(Items from a data source)
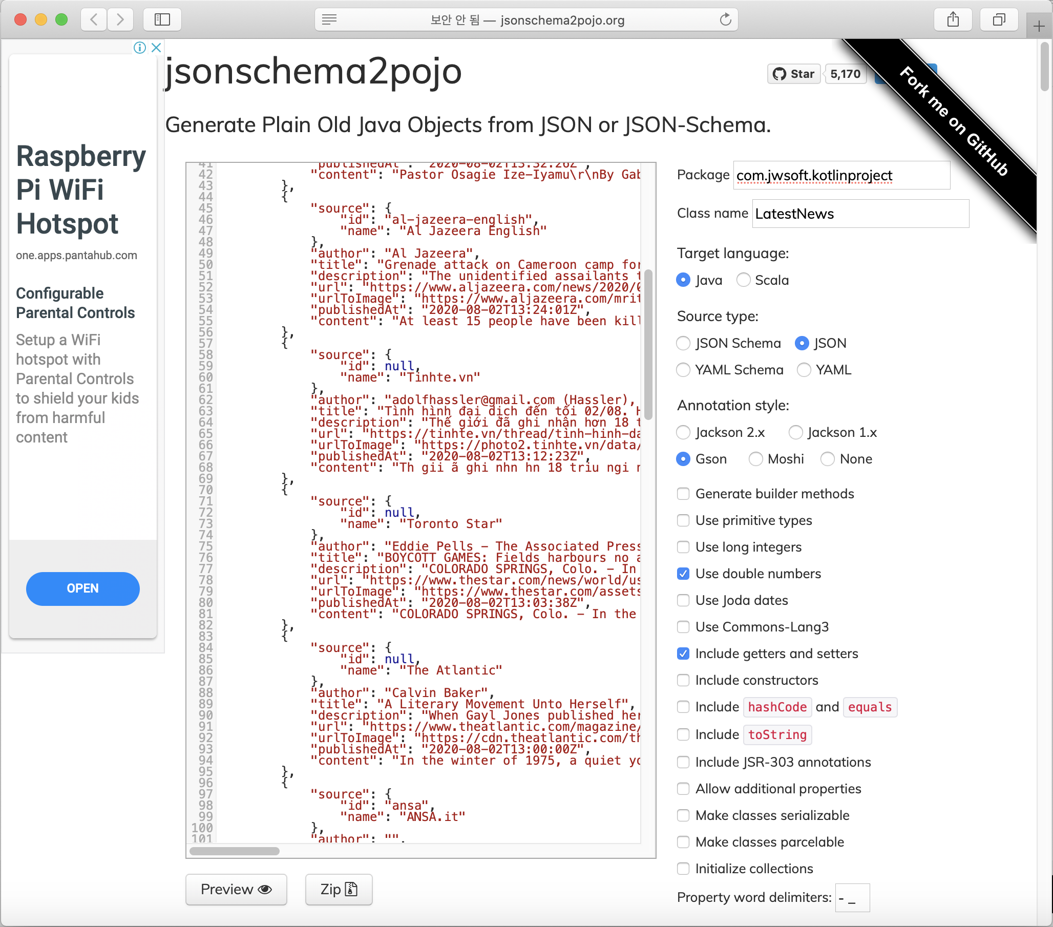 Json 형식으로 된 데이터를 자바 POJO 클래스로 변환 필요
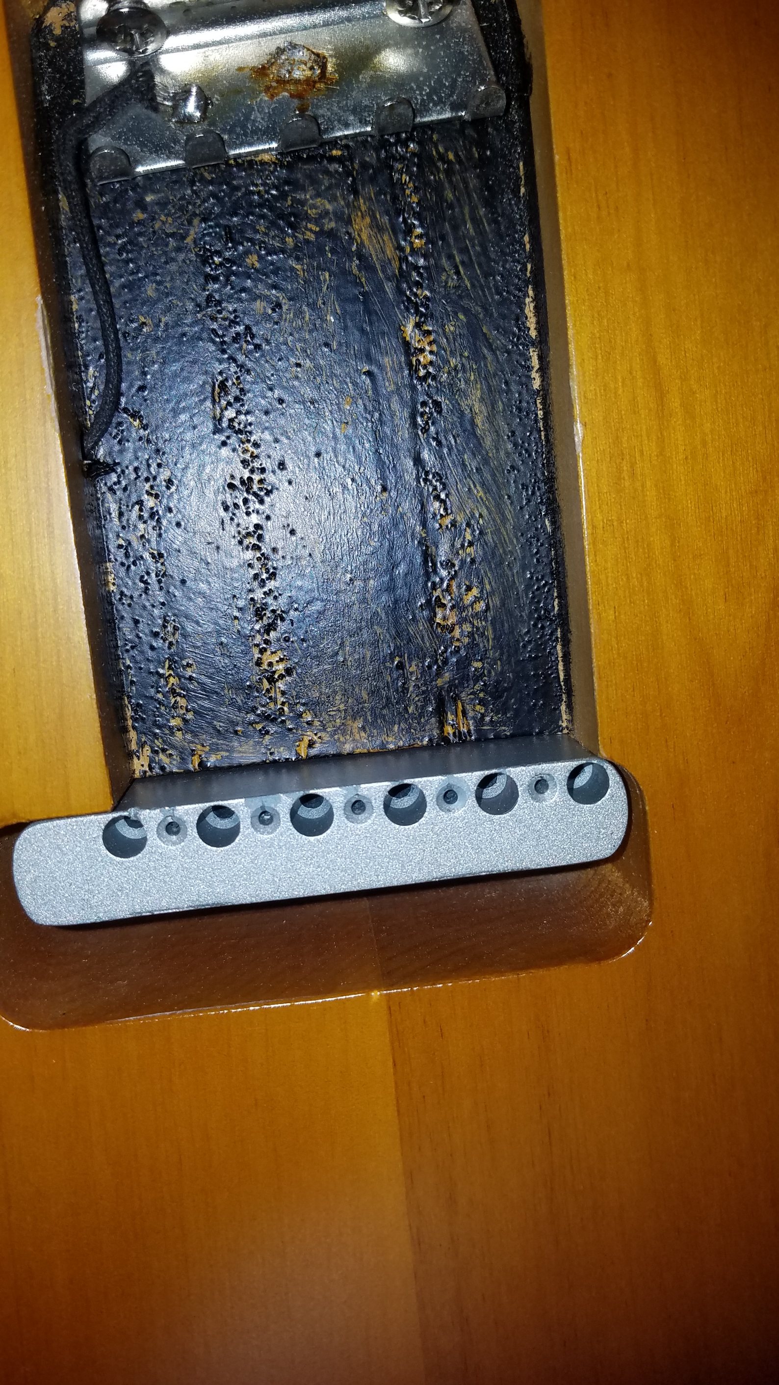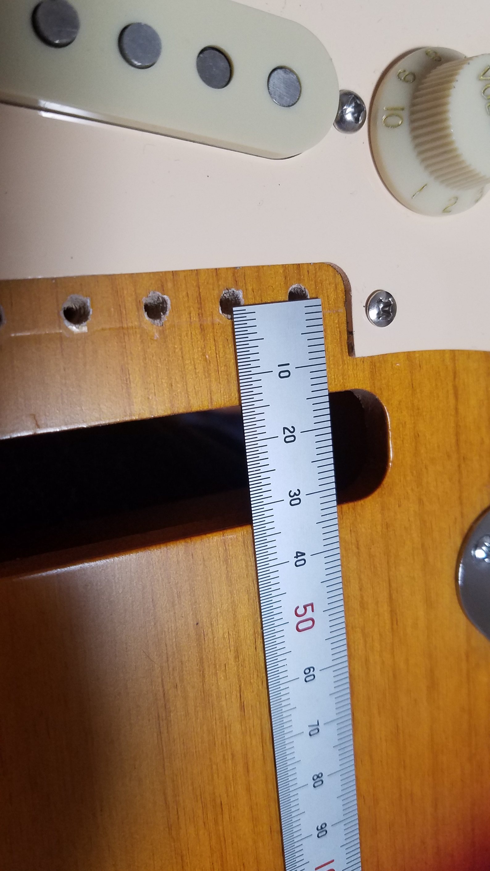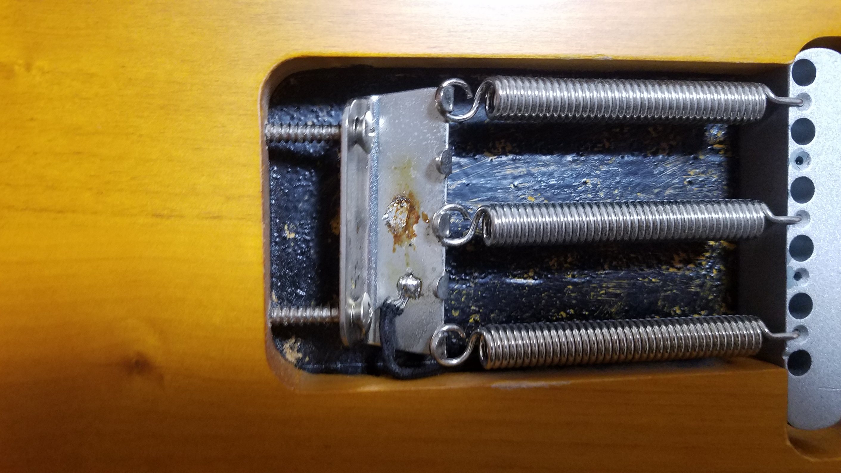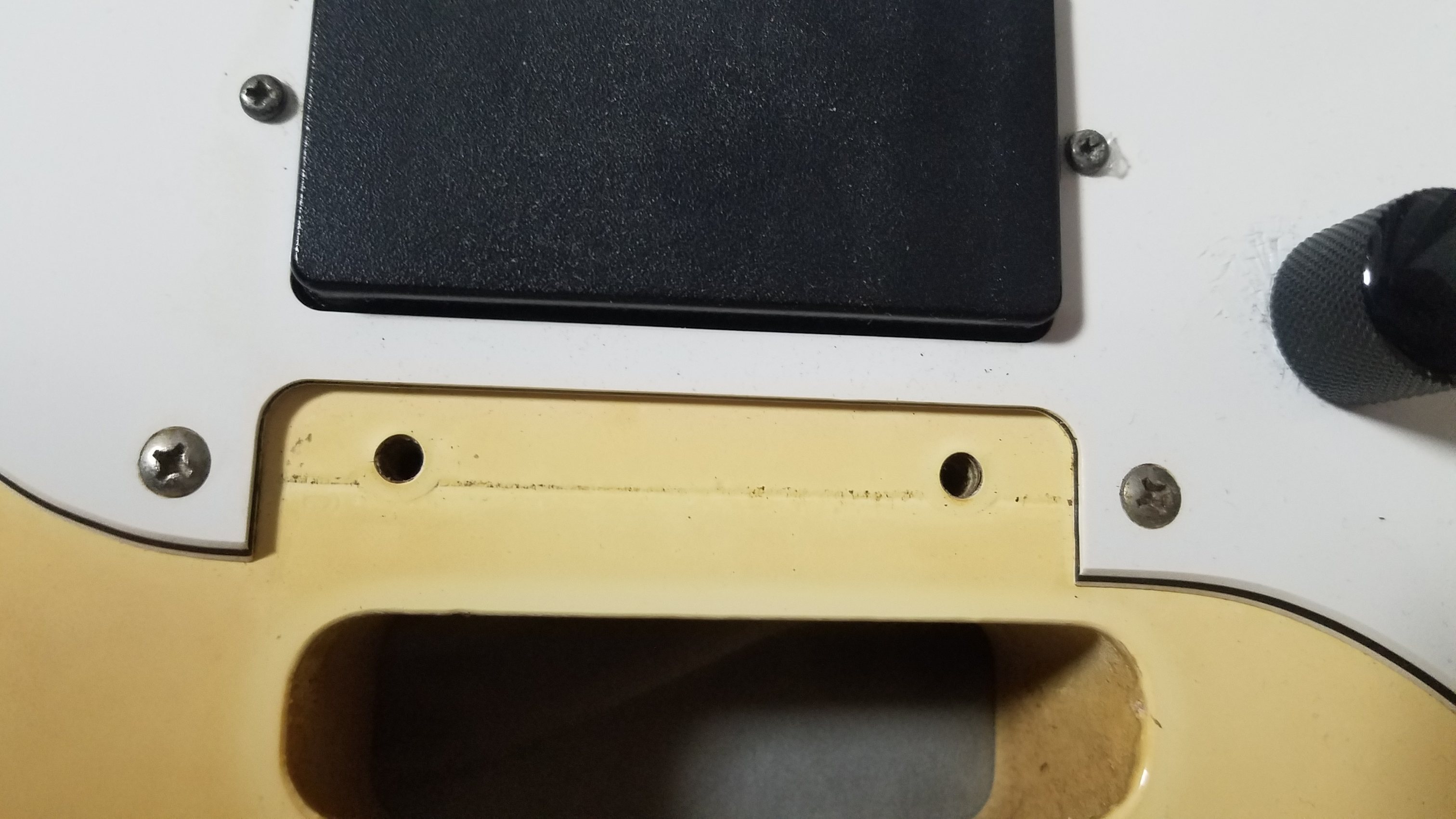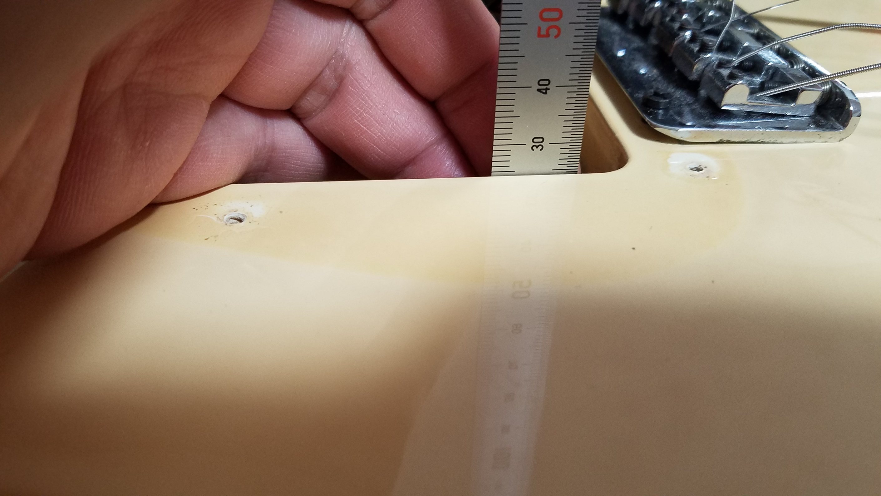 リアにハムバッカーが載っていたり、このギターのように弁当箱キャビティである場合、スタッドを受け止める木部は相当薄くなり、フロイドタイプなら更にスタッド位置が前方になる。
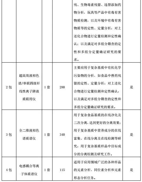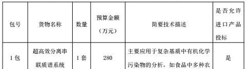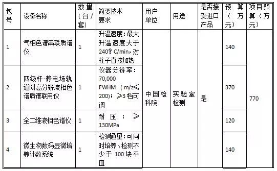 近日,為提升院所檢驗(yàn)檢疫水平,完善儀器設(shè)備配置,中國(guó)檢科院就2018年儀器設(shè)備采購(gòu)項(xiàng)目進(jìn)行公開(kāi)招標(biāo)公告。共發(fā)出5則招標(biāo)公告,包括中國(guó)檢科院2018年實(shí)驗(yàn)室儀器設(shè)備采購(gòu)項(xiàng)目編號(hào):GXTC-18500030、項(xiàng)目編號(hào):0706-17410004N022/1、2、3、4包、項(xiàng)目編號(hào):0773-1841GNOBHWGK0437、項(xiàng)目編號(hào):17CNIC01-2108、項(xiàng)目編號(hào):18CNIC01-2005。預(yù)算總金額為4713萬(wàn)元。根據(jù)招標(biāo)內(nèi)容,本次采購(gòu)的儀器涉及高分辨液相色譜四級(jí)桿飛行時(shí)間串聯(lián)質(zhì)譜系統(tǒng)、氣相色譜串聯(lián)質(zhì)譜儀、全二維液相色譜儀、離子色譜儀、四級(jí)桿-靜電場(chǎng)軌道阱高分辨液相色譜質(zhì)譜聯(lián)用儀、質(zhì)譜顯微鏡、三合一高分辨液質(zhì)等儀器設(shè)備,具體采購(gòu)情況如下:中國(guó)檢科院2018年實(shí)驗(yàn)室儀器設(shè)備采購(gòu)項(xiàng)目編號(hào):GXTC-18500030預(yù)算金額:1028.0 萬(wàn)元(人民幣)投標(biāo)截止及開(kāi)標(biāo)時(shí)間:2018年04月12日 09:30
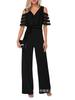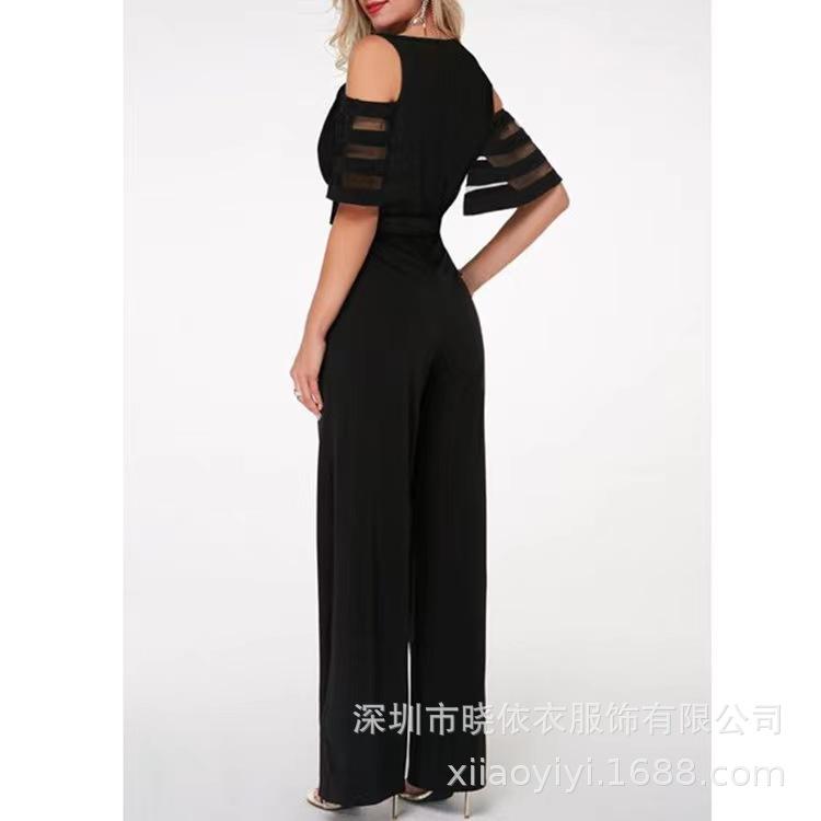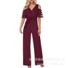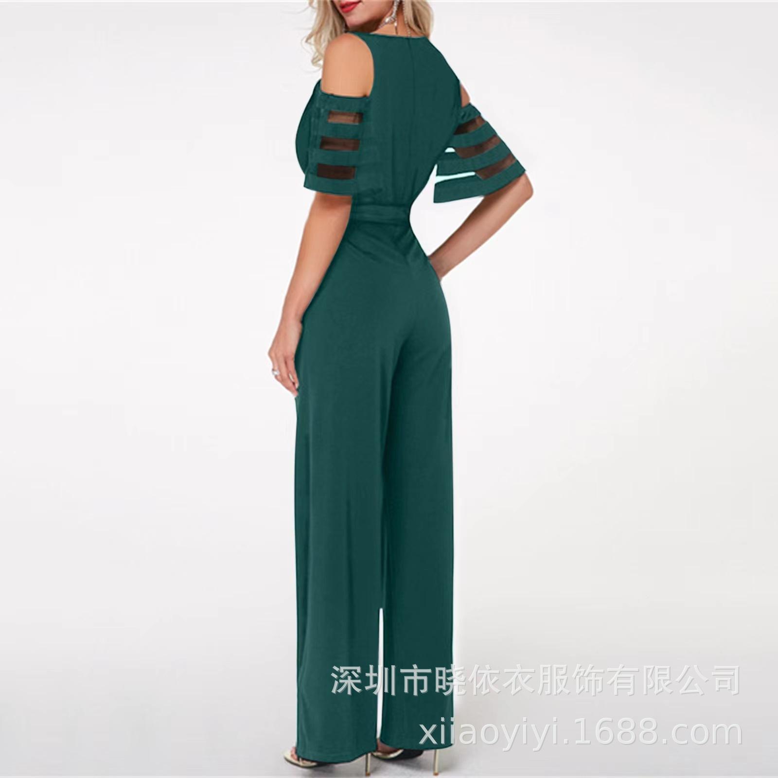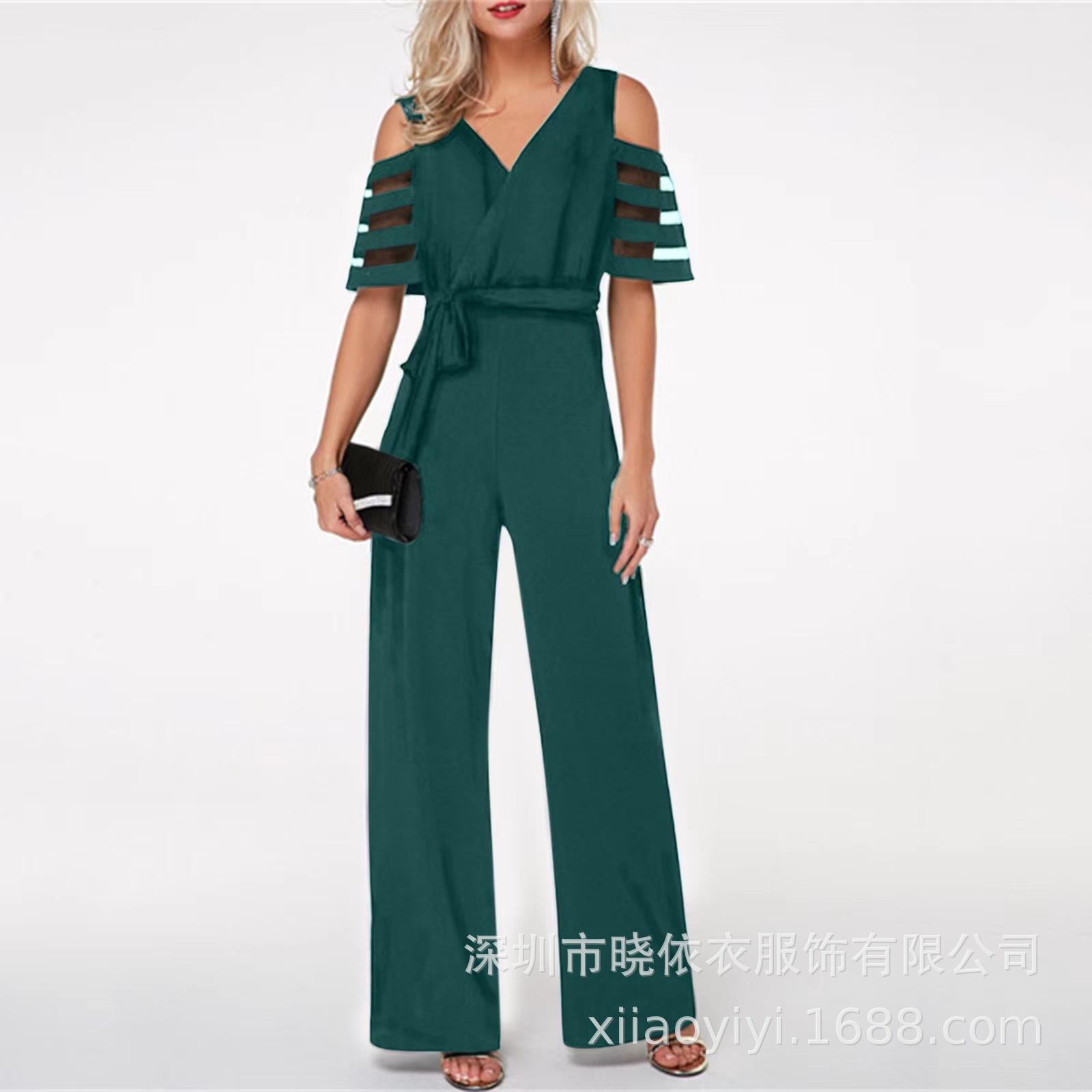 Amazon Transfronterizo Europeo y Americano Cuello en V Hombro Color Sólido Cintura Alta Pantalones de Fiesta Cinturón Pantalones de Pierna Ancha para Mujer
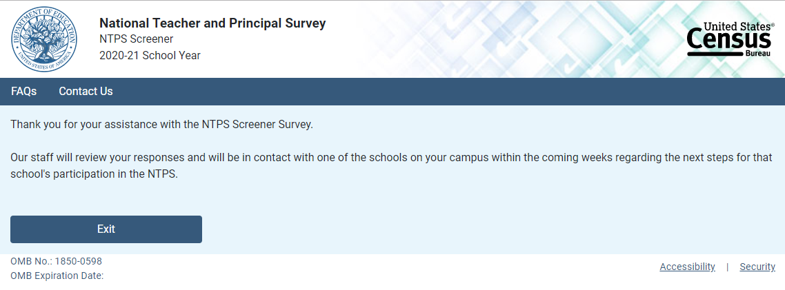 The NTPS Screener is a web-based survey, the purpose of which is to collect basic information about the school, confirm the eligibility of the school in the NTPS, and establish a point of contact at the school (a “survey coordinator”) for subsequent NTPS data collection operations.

:: PROBLEM DESCRIPTION ::
Your answer must be the records above, word for word, with every picture left out.

:: RESULT FOR THIS TASK ::
 Json 형식으로 된 데이터를 자바 POJO 클래스로 변환 필요
 リアにハムバッカーが載っていたり、このギターのように弁当箱キャビティである場合、スタッドを受け止める木部は相当薄くなり、フロイドタイプなら更にスタッド位置が前方になる。
 近日,為提升院所檢驗(yàn)檢疫水平,完善儀器設(shè)備配置,中國(guó)檢科院就2018年儀器設(shè)備采購(gòu)項(xiàng)目進(jìn)行公開(kāi)招標(biāo)公告。共發(fā)出5則招標(biāo)公告,包括中國(guó)檢科院2018年實(shí)驗(yàn)室儀器設(shè)備采購(gòu)項(xiàng)目編號(hào):GXTC-18500030、項(xiàng)目編號(hào):0706-17410004N022/1、2、3、4包、項(xiàng)目編號(hào):0773-1841GNOBHWGK0437、項(xiàng)目編號(hào):17CNIC01-2108、項(xiàng)目編號(hào):18CNIC01-2005。預(yù)算總金額為4713萬(wàn)元。根據(jù)招標(biāo)內(nèi)容,本次采購(gòu)的儀器涉及高分辨液相色譜四級(jí)桿飛行時(shí)間串聯(lián)質(zhì)譜系統(tǒng)、氣相色譜串聯(lián)質(zhì)譜儀、全二維液相色譜儀、離子色譜儀、四級(jí)桿-靜電場(chǎng)軌道阱高分辨液相色譜質(zhì)譜聯(lián)用儀、質(zhì)譜顯微鏡、三合一高分辨液質(zhì)等儀器設(shè)備,具體采購(gòu)情況如下:中國(guó)檢科院2018年實(shí)驗(yàn)室儀器設(shè)備采購(gòu)項(xiàng)目編號(hào):GXTC-18500030預(yù)算金額:1028.0 萬(wàn)元(人民幣)投標(biāo)截止及開(kāi)標(biāo)時(shí)間:2018年04月12日 09:30
 Amazon Transfronterizo Europeo y Americano Cuello en V Hombro Color Sólido Cintura Alta Pantalones de Fiesta Cinturón Pantalones de Pierna Ancha para Mujer
 The NTPS Screener is a web-based survey, the purpose of which is to collect basic information about the school, confirm the eligibility of the school in the NTPS, and establish a point of contact at the school (a “survey coordinator”) for subsequent NTPS data collection operations.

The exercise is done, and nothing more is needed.